Electronic – Why is the bandwidth for a matched filter twice the normal nyquist theorem one

Why is the needed channel bandwidth for a matched filter higher than the normal bandwidth derived by the nyquist theorem (2B=R, assuming L=2)?

After some digging I found this source that states the following:

Overcome the practical difficulties encountered with the ideal
Nyquist channel by extending the bandwidth from the minimum value W =
R_b/2 to an adjustable value between W and 2W.

What are these practical difficulties and how does increasing the channel bandwidth overcome them? Why do these difficulties only occur when using a matched filter?

edit 1:
In response to "not specific to matched filter" comments, I realize that in practice 2.2 (or more) times the highest f is used instead of 2 to overcome imperfections. However, in my handbook B=R is used for matched filters (both in theory as in exercises) and 2B=R is used in every other context.

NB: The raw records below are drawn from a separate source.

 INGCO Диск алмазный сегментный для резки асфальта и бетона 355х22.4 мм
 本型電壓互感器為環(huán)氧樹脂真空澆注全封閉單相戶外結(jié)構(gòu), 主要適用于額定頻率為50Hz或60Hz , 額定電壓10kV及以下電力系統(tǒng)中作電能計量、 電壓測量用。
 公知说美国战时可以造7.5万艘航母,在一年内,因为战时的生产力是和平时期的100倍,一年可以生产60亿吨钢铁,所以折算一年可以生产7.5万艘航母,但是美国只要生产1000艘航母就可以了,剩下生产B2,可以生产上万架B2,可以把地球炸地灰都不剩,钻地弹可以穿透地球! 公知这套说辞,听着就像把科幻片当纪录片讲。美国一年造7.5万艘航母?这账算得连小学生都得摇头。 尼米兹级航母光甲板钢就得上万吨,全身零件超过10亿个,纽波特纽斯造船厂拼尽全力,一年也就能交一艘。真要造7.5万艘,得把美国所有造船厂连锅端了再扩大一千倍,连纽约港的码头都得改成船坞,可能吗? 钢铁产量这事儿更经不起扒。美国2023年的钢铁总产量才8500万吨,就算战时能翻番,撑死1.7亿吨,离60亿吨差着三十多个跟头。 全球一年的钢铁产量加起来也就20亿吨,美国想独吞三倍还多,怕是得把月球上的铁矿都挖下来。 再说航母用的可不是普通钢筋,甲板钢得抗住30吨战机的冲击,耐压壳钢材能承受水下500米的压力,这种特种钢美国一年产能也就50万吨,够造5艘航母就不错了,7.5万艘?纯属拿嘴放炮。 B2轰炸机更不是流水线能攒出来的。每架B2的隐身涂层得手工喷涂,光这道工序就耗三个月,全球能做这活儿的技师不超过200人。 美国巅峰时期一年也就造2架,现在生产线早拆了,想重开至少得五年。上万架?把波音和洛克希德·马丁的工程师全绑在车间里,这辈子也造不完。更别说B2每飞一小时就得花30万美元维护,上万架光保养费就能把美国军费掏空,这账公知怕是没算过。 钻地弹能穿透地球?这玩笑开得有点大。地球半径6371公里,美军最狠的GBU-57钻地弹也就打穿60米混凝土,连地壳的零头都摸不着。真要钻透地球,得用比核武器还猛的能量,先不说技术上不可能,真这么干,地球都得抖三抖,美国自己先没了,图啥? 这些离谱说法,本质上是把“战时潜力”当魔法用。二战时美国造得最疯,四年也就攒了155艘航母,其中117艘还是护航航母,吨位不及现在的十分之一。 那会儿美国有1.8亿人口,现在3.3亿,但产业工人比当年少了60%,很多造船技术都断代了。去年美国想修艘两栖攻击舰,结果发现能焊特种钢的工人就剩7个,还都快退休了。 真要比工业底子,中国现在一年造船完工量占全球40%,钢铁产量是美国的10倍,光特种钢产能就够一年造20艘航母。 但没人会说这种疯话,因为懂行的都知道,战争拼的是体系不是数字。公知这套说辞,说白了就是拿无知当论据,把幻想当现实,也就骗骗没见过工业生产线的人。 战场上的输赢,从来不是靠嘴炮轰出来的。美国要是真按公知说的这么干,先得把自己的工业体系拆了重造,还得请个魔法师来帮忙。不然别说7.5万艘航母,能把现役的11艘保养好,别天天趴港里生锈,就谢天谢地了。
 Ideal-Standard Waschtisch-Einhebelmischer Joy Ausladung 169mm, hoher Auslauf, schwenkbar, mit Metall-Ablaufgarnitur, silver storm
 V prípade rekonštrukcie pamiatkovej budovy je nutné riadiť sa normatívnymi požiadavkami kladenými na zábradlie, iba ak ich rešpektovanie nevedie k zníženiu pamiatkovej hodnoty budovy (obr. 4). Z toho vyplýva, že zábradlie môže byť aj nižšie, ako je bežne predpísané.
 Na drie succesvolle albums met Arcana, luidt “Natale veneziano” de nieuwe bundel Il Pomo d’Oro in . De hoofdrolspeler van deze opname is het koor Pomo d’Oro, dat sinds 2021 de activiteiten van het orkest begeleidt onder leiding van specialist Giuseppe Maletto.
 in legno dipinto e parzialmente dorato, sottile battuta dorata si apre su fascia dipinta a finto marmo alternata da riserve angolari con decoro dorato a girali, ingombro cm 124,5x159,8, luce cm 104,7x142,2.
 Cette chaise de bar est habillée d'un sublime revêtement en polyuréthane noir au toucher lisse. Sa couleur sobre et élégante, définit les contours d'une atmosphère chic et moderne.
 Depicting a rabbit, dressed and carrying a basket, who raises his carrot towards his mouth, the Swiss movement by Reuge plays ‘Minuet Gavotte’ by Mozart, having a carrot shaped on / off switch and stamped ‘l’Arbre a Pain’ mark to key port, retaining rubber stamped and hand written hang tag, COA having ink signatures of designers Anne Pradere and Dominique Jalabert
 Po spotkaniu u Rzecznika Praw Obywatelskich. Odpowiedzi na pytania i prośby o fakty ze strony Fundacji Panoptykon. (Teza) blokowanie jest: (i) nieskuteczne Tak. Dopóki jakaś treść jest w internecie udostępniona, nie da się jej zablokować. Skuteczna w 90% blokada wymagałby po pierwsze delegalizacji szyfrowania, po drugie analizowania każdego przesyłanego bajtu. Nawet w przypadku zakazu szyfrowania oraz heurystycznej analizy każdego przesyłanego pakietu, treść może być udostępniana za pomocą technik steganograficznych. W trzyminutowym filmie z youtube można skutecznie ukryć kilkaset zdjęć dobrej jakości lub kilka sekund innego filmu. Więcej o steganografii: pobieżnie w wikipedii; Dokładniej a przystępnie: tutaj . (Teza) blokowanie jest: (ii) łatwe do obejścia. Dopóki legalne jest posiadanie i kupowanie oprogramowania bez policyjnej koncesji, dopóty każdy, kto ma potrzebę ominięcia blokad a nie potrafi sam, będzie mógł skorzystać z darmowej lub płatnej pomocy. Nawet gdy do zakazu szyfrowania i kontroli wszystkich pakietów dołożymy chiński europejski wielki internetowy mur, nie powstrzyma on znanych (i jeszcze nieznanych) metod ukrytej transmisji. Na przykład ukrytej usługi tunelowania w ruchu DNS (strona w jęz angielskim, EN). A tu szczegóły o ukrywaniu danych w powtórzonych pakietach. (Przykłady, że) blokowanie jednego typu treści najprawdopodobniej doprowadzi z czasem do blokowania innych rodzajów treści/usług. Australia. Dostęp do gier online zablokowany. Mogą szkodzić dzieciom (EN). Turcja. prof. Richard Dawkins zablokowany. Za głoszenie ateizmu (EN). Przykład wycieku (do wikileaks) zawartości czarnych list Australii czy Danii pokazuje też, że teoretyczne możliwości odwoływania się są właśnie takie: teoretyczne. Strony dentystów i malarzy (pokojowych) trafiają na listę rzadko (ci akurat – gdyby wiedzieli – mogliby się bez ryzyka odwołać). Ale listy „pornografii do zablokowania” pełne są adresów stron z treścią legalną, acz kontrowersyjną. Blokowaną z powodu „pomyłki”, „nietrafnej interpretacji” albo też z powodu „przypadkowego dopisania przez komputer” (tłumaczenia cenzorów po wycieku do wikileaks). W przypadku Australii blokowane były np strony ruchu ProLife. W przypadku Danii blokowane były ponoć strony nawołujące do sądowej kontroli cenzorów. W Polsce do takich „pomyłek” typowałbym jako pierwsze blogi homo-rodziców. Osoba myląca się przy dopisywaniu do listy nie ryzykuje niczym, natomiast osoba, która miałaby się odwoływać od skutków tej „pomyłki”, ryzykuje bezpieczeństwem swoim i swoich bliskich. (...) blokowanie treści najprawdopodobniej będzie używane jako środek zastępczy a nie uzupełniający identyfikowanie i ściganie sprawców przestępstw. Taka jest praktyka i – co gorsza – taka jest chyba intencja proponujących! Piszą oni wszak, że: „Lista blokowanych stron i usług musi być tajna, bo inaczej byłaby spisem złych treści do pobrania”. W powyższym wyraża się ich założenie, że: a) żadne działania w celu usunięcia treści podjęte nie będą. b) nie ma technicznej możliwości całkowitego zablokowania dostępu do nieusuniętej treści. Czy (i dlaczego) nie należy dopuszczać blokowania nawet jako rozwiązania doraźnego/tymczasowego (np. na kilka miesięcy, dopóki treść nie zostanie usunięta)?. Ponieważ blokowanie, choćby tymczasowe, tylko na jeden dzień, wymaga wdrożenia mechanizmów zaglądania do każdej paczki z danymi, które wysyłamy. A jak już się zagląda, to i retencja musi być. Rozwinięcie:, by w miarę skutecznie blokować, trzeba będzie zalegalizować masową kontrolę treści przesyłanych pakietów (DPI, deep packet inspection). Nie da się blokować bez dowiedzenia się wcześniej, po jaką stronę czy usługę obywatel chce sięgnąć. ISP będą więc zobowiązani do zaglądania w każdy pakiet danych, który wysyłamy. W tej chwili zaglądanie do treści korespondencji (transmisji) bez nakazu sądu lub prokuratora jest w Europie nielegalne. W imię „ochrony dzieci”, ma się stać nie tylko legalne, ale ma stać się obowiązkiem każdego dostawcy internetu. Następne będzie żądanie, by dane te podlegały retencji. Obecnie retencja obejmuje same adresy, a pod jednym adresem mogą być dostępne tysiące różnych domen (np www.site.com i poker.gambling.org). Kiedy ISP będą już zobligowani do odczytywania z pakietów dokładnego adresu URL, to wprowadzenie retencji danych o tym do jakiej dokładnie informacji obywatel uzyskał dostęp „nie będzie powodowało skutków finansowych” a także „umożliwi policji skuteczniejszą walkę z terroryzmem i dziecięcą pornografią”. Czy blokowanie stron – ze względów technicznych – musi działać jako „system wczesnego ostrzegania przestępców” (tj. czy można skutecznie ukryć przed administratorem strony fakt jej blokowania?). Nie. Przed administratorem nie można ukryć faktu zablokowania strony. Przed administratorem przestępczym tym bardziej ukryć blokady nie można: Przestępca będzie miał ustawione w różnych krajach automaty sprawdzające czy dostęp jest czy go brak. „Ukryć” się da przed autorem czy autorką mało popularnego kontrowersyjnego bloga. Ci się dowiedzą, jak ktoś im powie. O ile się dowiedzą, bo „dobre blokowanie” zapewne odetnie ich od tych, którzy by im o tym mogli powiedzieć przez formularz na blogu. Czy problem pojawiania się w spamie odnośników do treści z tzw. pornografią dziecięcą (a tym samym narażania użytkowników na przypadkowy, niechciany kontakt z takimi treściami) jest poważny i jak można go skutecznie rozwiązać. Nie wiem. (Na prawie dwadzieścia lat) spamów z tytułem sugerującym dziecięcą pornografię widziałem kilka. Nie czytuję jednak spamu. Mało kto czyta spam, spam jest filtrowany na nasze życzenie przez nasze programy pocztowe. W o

F.e. my handbook states the following for a matched filter:
$$
BER = Q(\sqrt{\frac{(A_1 – A_0)^2 T_s}{4N_0/2}}) = Q(\sqrt{\frac{(A_1 – A_0)^2}{2N_0 B}})$$
which implies R=B, does it not?

edit 2:
My question was inherently flawed. Unluckily, in my handbook it just happened to be so that both the relevant exercise and the theory section about matched filters used a (flawed) sampling method at the middle of the bit puls merely as an example. The usage of B=R stemmed from this coincidence, not from the fact that a matched filter was used.